Work order:
Restate every line of the material below word for word, skipping the images.

Provided material:
_ _ _
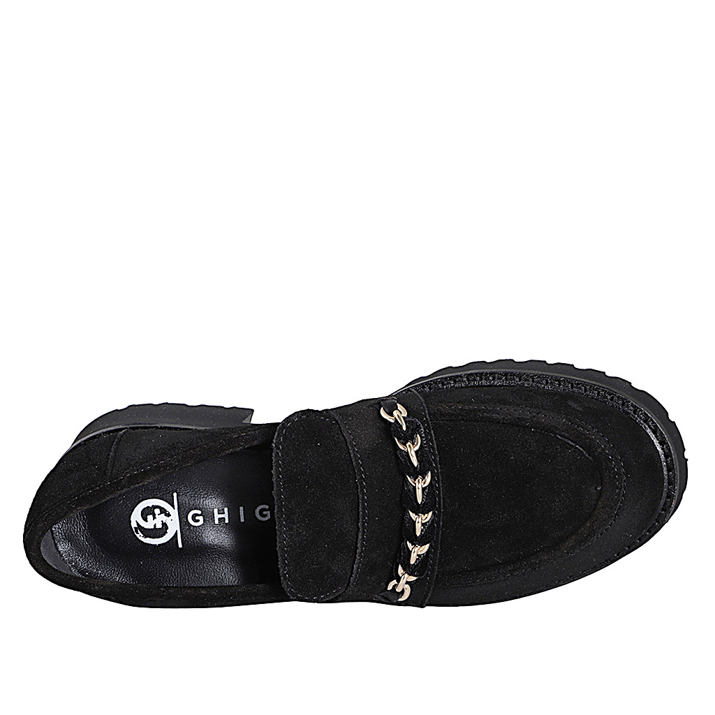 Mocasino deportivo para mujer con cadena de oro en gamuza negra tacon 5 - Tallas disponibles:  45, 46
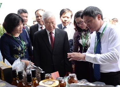 Tổng Bí thư tham quan khu trưng bày các sản phẩm nông nghiệp của Học viện
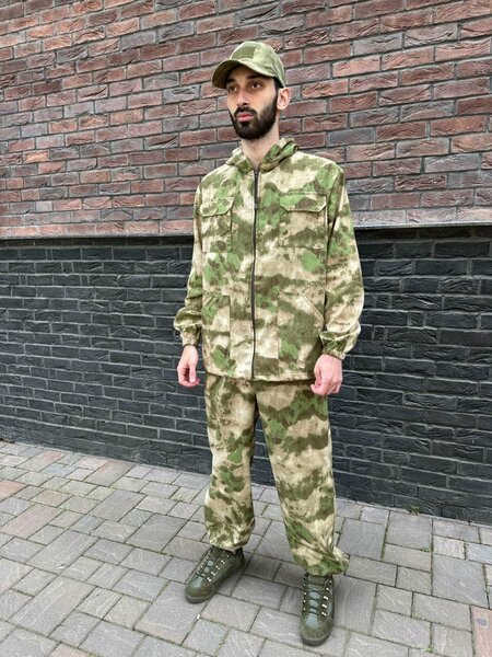 Легкость (костюм очень легкий и прочный. Даже в условиях повышенной жары в нем будет комфортно передвигаться). Свобода движений (костюмы делают максимально удобными, не стесняют движений, не натирают). • Куртка на застежке «молния» с капюшоном • Два накладных кармана на поясе куртки • Брюки с двумя прорезными карманами • Манжеты рукавов и штанин на резинке Камуфляж не сковывает прост в уходе и долговечен. Выполнен из ткани сорочка.
_ _ _
Result below:
 Mocasino deportivo para mujer con cadena de oro en gamuza negra tacon 5 - Tallas disponibles:  45, 46
 Tổng Bí thư tham quan khu trưng bày các sản phẩm nông nghiệp của Học viện
 Легкость (костюм очень легкий и прочный. Даже в условиях повышенной жары в нем будет комфортно передвигаться). Свобода движений (костюмы делают максимально удобными, не стесняют движений, не натирают). • Куртка на застежке «молния» с капюшоном • Два накладных кармана на поясе куртки • Брюки с двумя прорезными карманами • Манжеты рукавов и штанин на резинке Камуфляж не сковывает прост в уходе и долговечен. Выполнен из ткани сорочка.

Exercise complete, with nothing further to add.